Would you return the data below exactly as it stands, with every picture left out?

• [Data]

··········

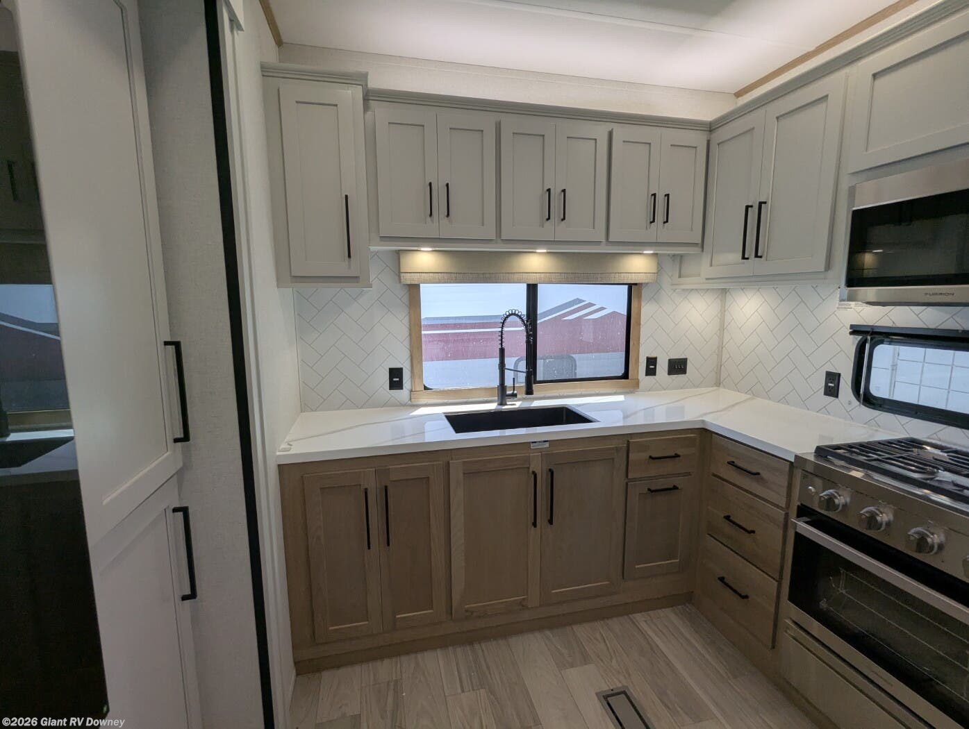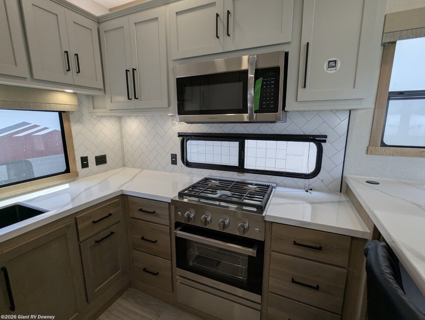 - Rear Kitchen: 16.8 cu. ft. fridge, cooktop for RV adventure
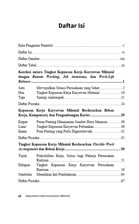 Berikut Daftar Isi Buku Manajemen yang berjudul Buku Kepuasan Kerja Karyawan Milenial, diantaranya:
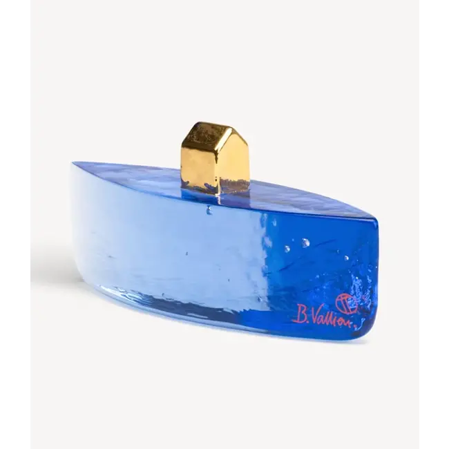 Exclusief kristallen sculptuur "Vessel" uit de Kosta Boda serie Fortress, ontworpen door de wereldberoemde glaskunstenaar Bertil Vallien. Op de bovenzijde van het gesigneerde object is een goudkleurig kristallen huisje aangebracht. Deze glazen boot van Bertil Vallien voor Kosta Boda Zweden is dan ook een uniek verzamelobject en prachtige eyecatcher.

··········

• [Completed task]
 - Rear Kitchen: 16.8 cu. ft. fridge, cooktop for RV adventure
 Berikut Daftar Isi Buku Manajemen yang berjudul Buku Kepuasan Kerja Karyawan Milenial, diantaranya:
 Exclusief kristallen sculptuur "Vessel" uit de Kosta Boda serie Fortress, ontworpen door de wereldberoemde glaskunstenaar Bertil Vallien. Op de bovenzijde van het gesigneerde object is een goudkleurig kristallen huisje aangebracht. Deze glazen boot van Bertil Vallien voor Kosta Boda Zweden is dan ook een uniek verzamelobject en prachtige eyecatcher.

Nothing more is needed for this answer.